**Source data:**
··········

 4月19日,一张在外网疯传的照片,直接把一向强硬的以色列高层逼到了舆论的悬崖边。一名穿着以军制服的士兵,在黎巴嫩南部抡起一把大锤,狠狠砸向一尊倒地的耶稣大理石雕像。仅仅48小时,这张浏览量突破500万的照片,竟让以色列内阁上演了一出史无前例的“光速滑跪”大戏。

··········

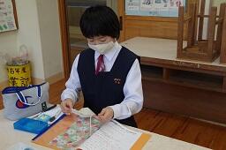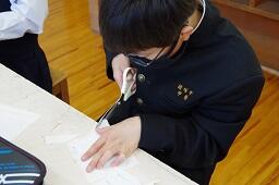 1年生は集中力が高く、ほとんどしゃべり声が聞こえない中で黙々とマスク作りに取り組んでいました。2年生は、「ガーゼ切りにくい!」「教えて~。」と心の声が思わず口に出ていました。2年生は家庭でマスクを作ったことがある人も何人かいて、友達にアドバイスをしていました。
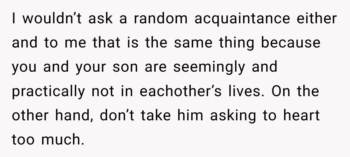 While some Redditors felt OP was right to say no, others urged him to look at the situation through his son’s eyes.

··········

**Work order:**
Exactly the lines starting at the one above with "1年生は集中力が高く、ほとん" and ending at the one with "While some Redditors" should be printed, and nothing else. Omit the pictures.

**Answer to the exercise:**
 1年生は集中力が高く、ほとんどしゃべり声が聞こえない中で黙々とマスク作りに取り組んでいました。2年生は、「ガーゼ切りにくい!」「教えて~。」と心の声が思わず口に出ていました。2年生は家庭でマスクを作ったことがある人も何人かいて、友達にアドバイスをしていました。
 While some Redditors felt OP was right to say no, others urged him to look at the situation through his son’s eyes.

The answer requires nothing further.